This file puts the contents of d.txt and e.txt together.
2.4 multiple additional files under the real-time monitoring directory
Exec source is applicable to monitoring a real-time added file, and can not realize continuous transmission at breakpoints; Spooldir Source is suitable for synchronizing new files, but it is not suitable for monitoring and synchronizing files with real-time logs; Taildir Source is suitable for listening to multiple real-time appended files, and can realize breakpoint continuation.
Case requirements:
Use Flume to monitor the real-time additional files of the whole directory and upload them to HDFS.

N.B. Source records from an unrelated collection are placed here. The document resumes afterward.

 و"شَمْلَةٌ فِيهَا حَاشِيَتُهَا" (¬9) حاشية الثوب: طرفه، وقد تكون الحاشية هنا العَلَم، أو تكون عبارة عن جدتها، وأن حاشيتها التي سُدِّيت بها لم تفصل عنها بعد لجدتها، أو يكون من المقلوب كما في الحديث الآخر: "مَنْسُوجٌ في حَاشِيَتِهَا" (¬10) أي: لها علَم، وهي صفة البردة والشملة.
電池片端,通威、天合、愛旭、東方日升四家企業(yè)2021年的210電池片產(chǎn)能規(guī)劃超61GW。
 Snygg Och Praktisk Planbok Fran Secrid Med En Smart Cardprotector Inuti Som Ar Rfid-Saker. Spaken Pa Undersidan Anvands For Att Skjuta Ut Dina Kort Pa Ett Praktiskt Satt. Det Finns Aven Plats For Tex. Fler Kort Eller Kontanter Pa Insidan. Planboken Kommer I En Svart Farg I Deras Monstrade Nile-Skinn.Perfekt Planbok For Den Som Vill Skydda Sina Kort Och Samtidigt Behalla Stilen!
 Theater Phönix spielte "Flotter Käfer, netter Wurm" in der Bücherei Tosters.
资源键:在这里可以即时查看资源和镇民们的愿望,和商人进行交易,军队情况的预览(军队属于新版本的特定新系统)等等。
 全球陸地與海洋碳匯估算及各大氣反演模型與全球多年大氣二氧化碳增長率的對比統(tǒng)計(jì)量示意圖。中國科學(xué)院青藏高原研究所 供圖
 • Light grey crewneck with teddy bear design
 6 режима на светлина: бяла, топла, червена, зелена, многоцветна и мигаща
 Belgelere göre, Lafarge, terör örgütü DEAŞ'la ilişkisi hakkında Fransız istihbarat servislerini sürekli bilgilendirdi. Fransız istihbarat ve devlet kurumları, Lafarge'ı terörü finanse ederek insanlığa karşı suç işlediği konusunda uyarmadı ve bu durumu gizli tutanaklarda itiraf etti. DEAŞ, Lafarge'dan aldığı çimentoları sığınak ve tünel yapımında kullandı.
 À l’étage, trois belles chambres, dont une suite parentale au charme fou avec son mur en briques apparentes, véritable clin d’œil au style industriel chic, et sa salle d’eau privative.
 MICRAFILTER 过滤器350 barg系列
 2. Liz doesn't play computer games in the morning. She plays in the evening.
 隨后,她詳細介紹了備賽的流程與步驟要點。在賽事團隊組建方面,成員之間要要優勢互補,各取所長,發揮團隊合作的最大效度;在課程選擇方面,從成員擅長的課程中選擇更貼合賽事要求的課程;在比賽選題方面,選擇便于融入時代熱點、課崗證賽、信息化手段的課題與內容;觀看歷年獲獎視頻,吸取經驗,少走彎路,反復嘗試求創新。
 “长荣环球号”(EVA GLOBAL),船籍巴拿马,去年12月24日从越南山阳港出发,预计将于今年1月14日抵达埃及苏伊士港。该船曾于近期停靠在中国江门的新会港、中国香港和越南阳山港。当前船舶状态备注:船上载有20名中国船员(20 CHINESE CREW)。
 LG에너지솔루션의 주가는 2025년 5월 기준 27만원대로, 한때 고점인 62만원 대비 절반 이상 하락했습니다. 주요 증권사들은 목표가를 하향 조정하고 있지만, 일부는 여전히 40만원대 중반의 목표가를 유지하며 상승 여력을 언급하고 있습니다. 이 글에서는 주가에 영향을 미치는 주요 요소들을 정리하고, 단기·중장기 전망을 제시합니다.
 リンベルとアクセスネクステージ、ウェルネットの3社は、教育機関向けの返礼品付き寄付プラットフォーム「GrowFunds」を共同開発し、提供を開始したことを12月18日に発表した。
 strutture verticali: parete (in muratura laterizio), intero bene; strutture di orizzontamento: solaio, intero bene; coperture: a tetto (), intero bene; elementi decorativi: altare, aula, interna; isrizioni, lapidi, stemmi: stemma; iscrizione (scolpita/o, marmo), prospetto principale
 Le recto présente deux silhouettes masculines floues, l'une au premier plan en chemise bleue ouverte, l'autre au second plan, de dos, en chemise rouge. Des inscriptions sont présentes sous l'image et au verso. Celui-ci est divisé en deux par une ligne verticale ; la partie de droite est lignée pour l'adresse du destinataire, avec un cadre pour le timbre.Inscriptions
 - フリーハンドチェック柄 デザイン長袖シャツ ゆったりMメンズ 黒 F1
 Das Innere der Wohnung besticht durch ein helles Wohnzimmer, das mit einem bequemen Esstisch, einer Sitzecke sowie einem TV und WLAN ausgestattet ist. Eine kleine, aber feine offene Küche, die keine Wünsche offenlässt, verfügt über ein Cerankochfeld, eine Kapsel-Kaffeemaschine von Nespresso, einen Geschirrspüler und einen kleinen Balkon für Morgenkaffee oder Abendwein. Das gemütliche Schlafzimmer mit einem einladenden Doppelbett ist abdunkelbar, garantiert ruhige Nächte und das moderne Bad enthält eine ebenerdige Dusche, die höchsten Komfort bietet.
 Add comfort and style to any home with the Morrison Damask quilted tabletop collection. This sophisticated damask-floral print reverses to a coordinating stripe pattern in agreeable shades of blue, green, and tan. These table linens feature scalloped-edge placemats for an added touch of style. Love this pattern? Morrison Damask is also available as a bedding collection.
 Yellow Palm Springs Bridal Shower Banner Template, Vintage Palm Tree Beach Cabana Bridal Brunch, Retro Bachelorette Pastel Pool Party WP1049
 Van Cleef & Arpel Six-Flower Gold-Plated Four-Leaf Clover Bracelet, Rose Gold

2.4. 1 create flume profile
cd /opt/cloudera/parcels/CDH-6.3.1-1.cdh6.3.1.p0.1470567 vi conf/job/flume-taildir-hdfs.conf
Add the following:
a3.sources = r3 a3.sinks = k3 a3.channels = c3 # Describe/configure the source a3.sources.r3.type = TAILDIR a3.sources.r3.positionFile = /tmp/tail_dir.json a3.sources.r3.filegroups = f1 f2 a3.sources.r3.filegroups.f1 = /tmp/files/.*file.* a3.sources.r3.filegroups.f2 = /tmp/files2/.*log.* # Describe the sink a3.sinks.k3.type = hdfs a3.sinks.k3.hdfs.path = hdfs://hp1:8020/user/flume/upload/%Y%m%d/%H #Prefix of uploaded file a3.sinks.k3.hdfs.filePrefix = upload- #Scroll folders by time a3.sinks.k3.hdfs.round = true #How many time units to create a new folder a3.sinks.k3.hdfs.roundValue = 1 #Redefine time units a3.sinks.k3.hdfs.roundUnit = hour #Use local timestamp a3.sinks.k3.hdfs.useLocalTimeStamp = true #How many events are accumulated to flush to HDFS once a3.sinks.k3.hdfs.batchSize = 100 #Set the file type to support compression a3.sinks.k3.hdfs.fileType = DataStream #How often do I generate a new file a3.sinks.k3.hdfs.rollInterval = 60 #Set the scroll size of each file to about 128M a3.sinks.k3.hdfs.rollSize = 134217700 #File scrolling is independent of the number of events a3.sinks.k3.hdfs.rollCount = 0 # Use a channel which buffers events in memory a3.channels.c3.type = memory a3.channels.c3.capacity = 1000 a3.channels.c3.transactionCapacity = 100 # Bind the source and sink to the channel a3.sources.r3.channels = c3 a3.sinks.k3.channel = c3
2.4. 2 start monitoring folder command
cd /opt/cloudera/parcels/CDH-6.3.1-1.cdh6.3.1.p0.1470567 bin/flume-ng agent --conf conf/ --name a3 --conf-file conf/job/flume-taildir-hdfs.conf
2.4. 3 add content to files folder
cd /tmp/files echo "this is a test" >> 1.file echo "aaa " >> 1.file
flume console output:
HDFS View output file:
2.4.4 Taildir description
Taildir Source maintains a position File in json format, which will regularly update the latest position read by each file in the position File, so it can realize breakpoint continuation
[root@hp3 tmp]# more tail_dir.json [{"inode":102025252,"pos":19,"file":"/tmp/files/1.file"},{"inode":20401118,"pos":8,"file":"/tmp/files2/1.log"}] [root@hp3 tmp]#
Note:
The area where file metadata is stored in Linux is called inode. Each inode has a number. The operating system uses the inode number to identify different files. The Unix/Linux system does not use the file name, but uses the inode number to identify files.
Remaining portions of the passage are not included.